Sie sieht mit ihren lilafarbenen Raspelhaaren, der klugen Nickelbrille und ihren haselnussbraunen Augen sexy aus, dachte Dodo langsam. „Aber du bist nicht real?“, fragte er den Spiegel …

Der Computer, nebenan, spielte lautstark Tool in Dauerschleife. Es roch nach frisch gebrühtem Milchkaffee und warmen Apfel-Zimt-Porridge. Die Wohnung war nur inselhaft erleuchtet und noch nicht vollständig zum Alltagsleben erwacht.
Das Nachtlicht im Schlafzimmer brannte. Eckstein, die Fee und der Rest der kleinen Ich-Gang lagen noch in dem zerwühlten Bett und dösten vor sich hin … Keiner von ihnen hatte wirklich Lust, um fünf Uhr morgens aufzustehen.

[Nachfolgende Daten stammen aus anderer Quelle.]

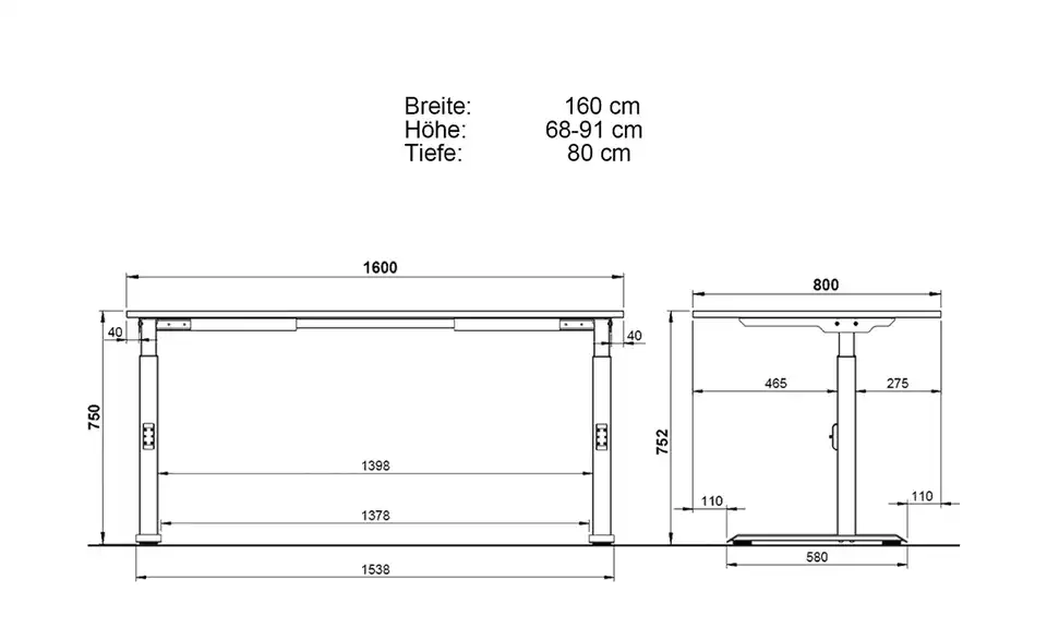 - Maße Tisch (LxB)160 x 80 cm
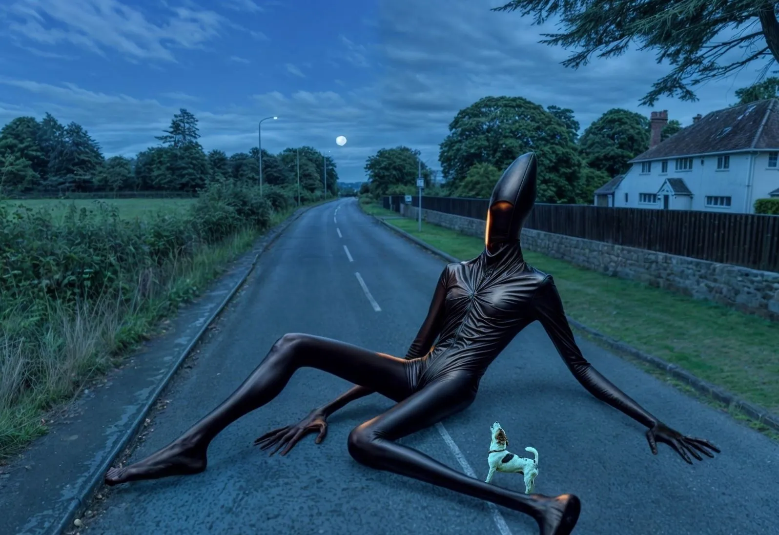 那个怪异的巨人停了下来,然后走进了斯托顿巷附近的一片田野。本吉追了上去,珍妮怀疑那是个外星人。
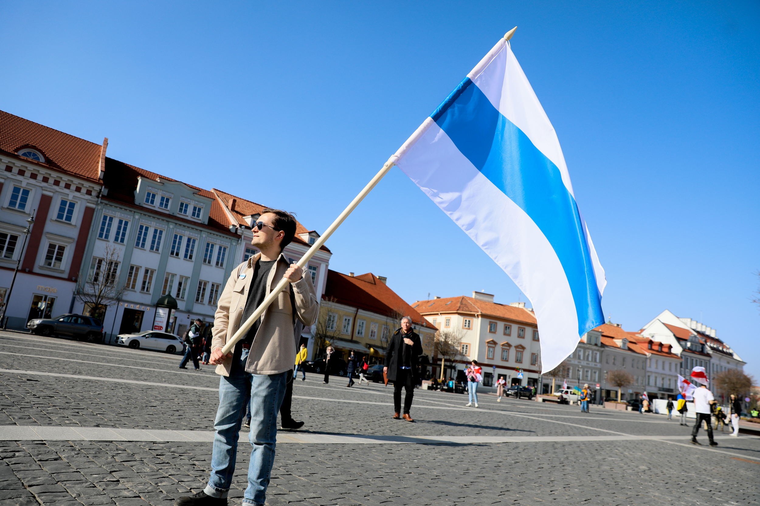 "Российский триколор навсегда превратился в символ военной агрессии, гибели и страданий мирного населения. И уже сегодня российские оппозиционные активисты в разных местах отказываются от "крови" на стяге и выходят на улицы с бело-сине-белым флагом — символом борьбы против российской военной агрессии и солидарности с героическим народом Украины. И вполне возможно, что в скором времени этот флаг станет государственным символом новой свободной и демократической России", - говорил в марте сооснователь ФСР Иван Тютрин.
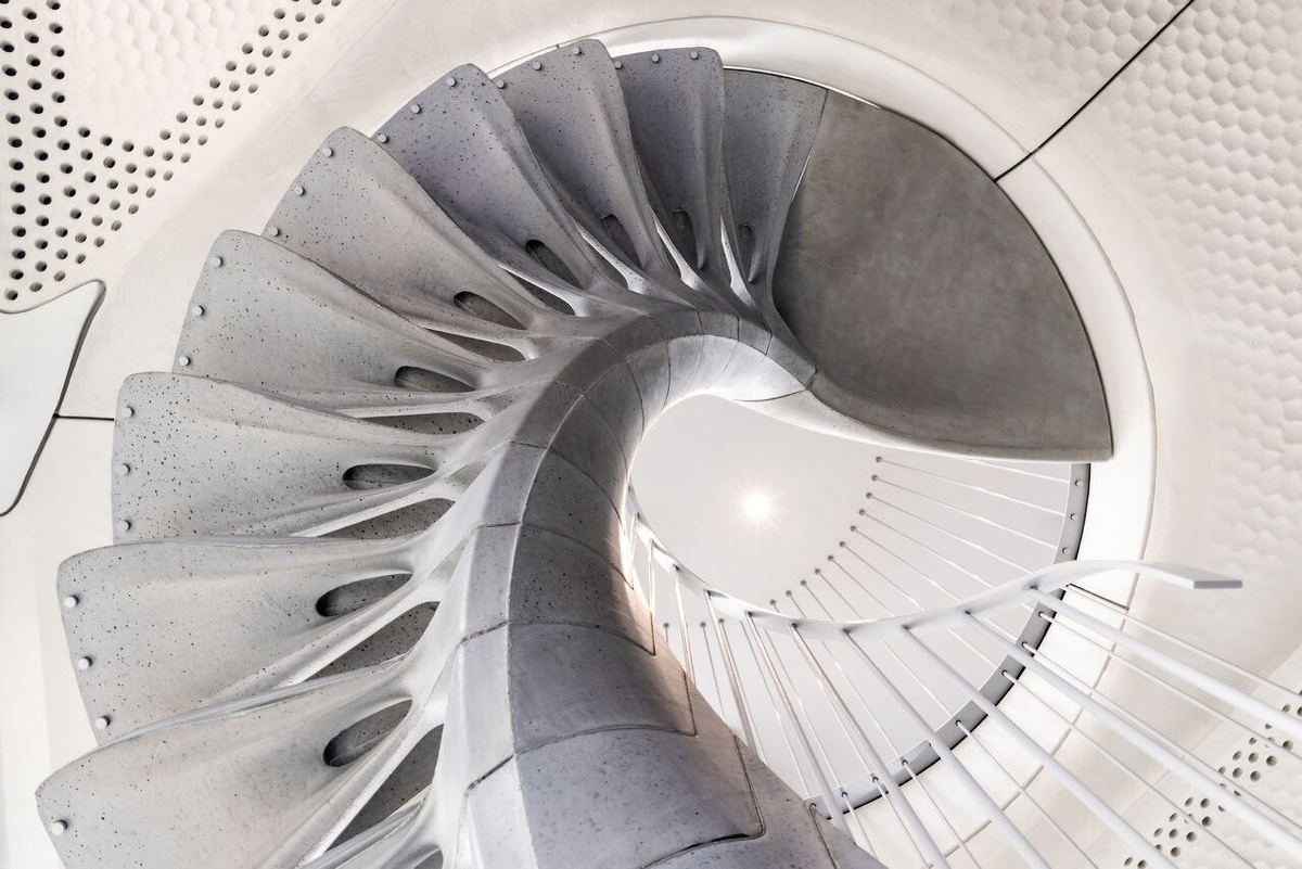 Представьте себе элегантную винтовую лестницу, каждая ступень которой создана с невероятной точностью и прочностью благодаря методу предварительного напряжения и сверхпрочному бетону с армированными волокнами. Именно такую революционную технологию применили инженеры кафедры цифровых строительных технологий швейцарского университета ETH Zürich вместе с архитекторами ROK Architekten. Каждая деталь этой уникальной лестницы была изготовлена на 3D-принтере, что позволило добиться поразительной легкости и прочности конструкции. Но главное достижение – использование инновационных материалов и методов сборки, благодаря которым конструкция легко демонтируется и перерабатывается, соответствуя принципам устойчивого развития и круговой экономики. Этот удивительный объект, установленный в экспериментальном жилом комплексе Empa NEST, показывает огромные перспективы аддитивных технологий в строительстве.

„Aber du bist nicht real?“, fragte Dodo noch einmal. Die offene Zahnpastatube

und die Zahnbürste in der Hand wollte er den bleiernen Schlafgeschmack aus seinem Mund vertreiben. Trotzdem zögerte er.
„Dohoch.“, entgegnete Klara verschmitzt, „Aber nur in deinem Kopf.“
„Haben wir auch Sex miteinander?“, fragte Dodo und musste leise lachen.
Das Spiegelbild lächelte. „Ich bin nicht so eine Freundin. Das würde nicht funktionieren.“, flüsterte es mit Klaras Stimme.
Dodo „Hmmmte“ und wuselte sich durchs nasse Stoppelhaar. „Ach, … wenn ich mir doch nur eine backen könnte.“, seufzte er.
Das Bild im Spiegel zwinkerte ihm zu. „Da kann ich dir leider nicht helfen“, hauchte es und verblasste ganz allmählich, so wie sich auch der Wasserdampf peu a peu aus dem Bad in die Weiten der Wohnung verzog.

Die Computerboxen knackten laut und eine sonore Nachrichtensprecherstimme verkündete das Neuste aus aller Welt.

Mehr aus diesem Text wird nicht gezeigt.